[Records from a collection]
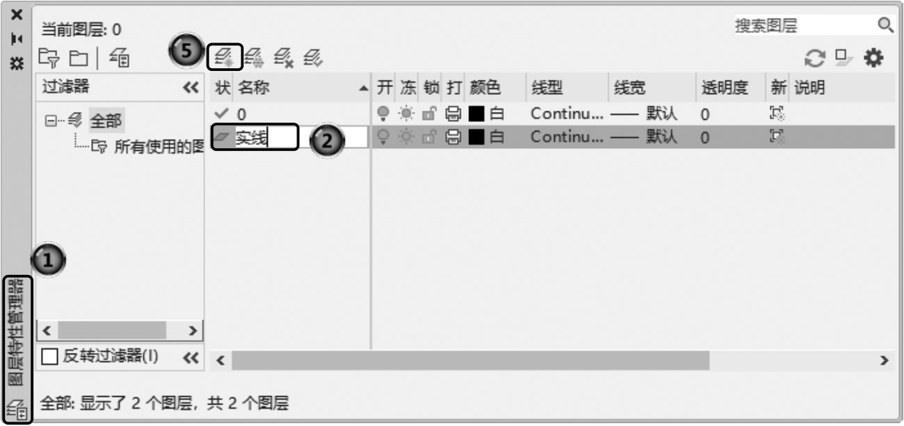 打开“图层特性管理器”对话框,创建一个新的图层,把该层的名字由默认的“图层1”
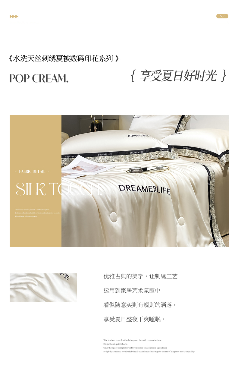 • 91家纺网 家纺一手货源 找家纺 眷恋家纺 2024新款水洗真丝冰丝宽边刺绣夏被三件套四件套-克里斯汀系列 克里斯汀-奶昔白+奶茶
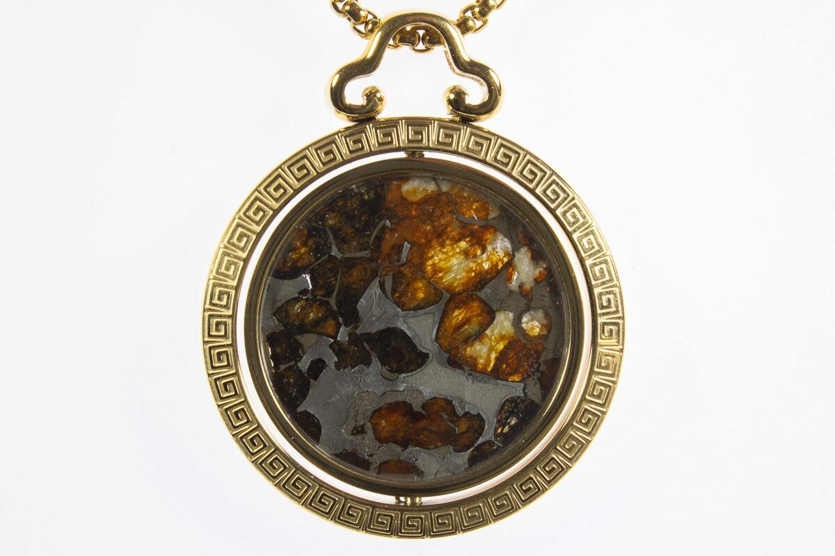 This is a stunning, 1.35" wide, round Sericho pallasite meteorite pendant in a rotating, gold plated frame. The meteorite slice covered by a clear epoxy resin to keep it stable and has been set in a round, gold plated, stainless steel frame that allows the center to rotate. It is accompanied by a 27" long chain.
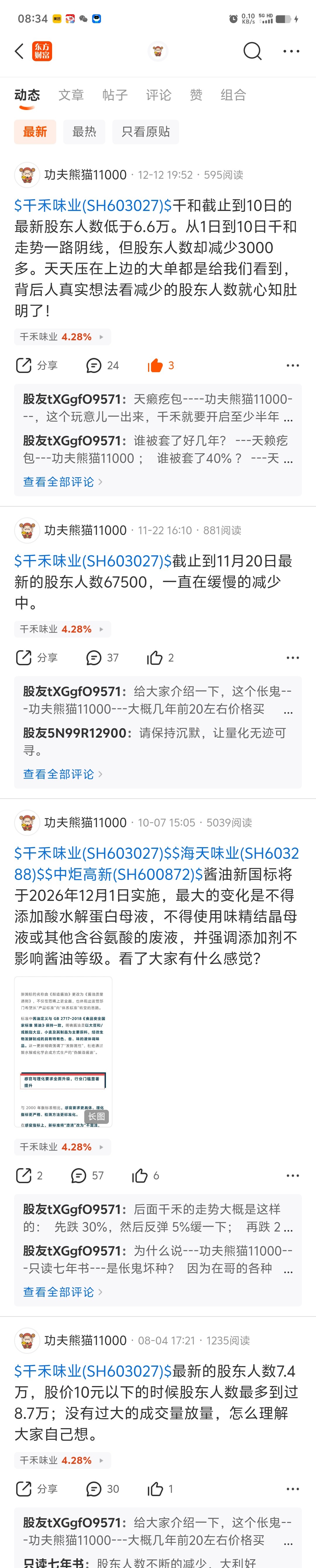 $千禾味业(SH603027)$ 三次提醒大家注意股东人数的变化,我只能尽力如此,懂的人自然会懂!千和四季度每股业绩2毛左右,会创历史最佳季度业绩,二季度进来的主力不是慈善家,没有确实的消息也不会上拉下压费这么大劲来解放散户。明年会实行新的酱油国标、27年二月会实行新的标签标准,再加上正在制定的预制菜国标,两年内的调味品行业会有巨大的变化,千和现在就提前布了这些变化,这就是千和主力进来的底气。
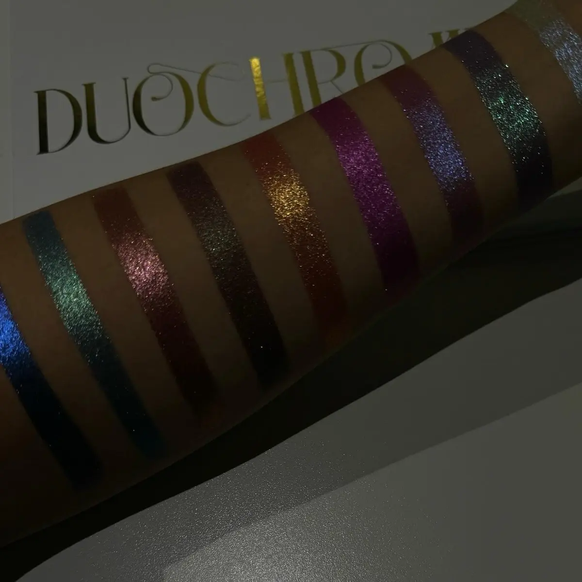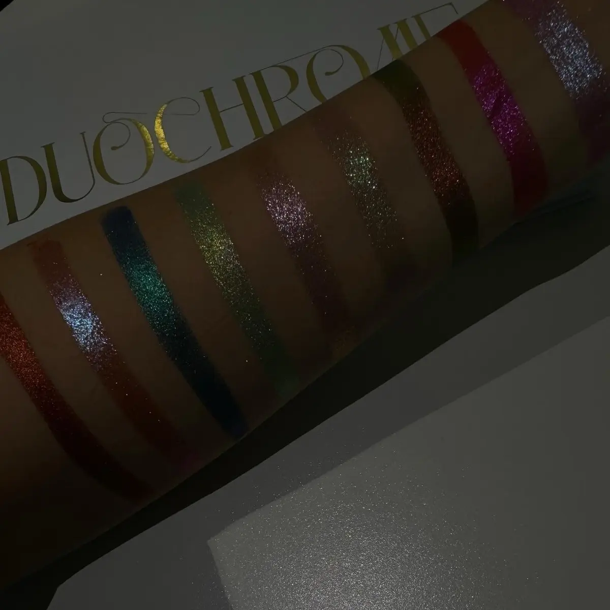 This is the only pallette you need. Some colors are incredibly shiny chrome with a subtle shift, some are fully color-shifting and glittery. ALL colors are stunning. I bought products from another popular creator on here and kind of wish I'd just picked up this because these are IDENTICAL.

* _What the task asks_: Would you write out exactly the lines above, starting at the line containing "眷恋家纺 2024新款水洗真丝冰丝宽边刺绣夏被三件套四件套-克里斯汀系列 克里斯汀-奶昔白+奶茶" and stopping after the line containing "wide, round Sericho"? Omit the pictures.

* _Task answer_:
 • 91家纺网 家纺一手货源 找家纺 眷恋家纺 2024新款水洗真丝冰丝宽边刺绣夏被三件套四件套-克里斯汀系列 克里斯汀-奶昔白+奶茶
 This is a stunning, 1.35" wide, round Sericho pallasite meteorite pendant in a rotating, gold plated frame. The meteorite slice covered by a clear epoxy resin to keep it stable and has been set in a round, gold plated, stainless steel frame that allows the center to rotate. It is accompanied by a 27" long chain.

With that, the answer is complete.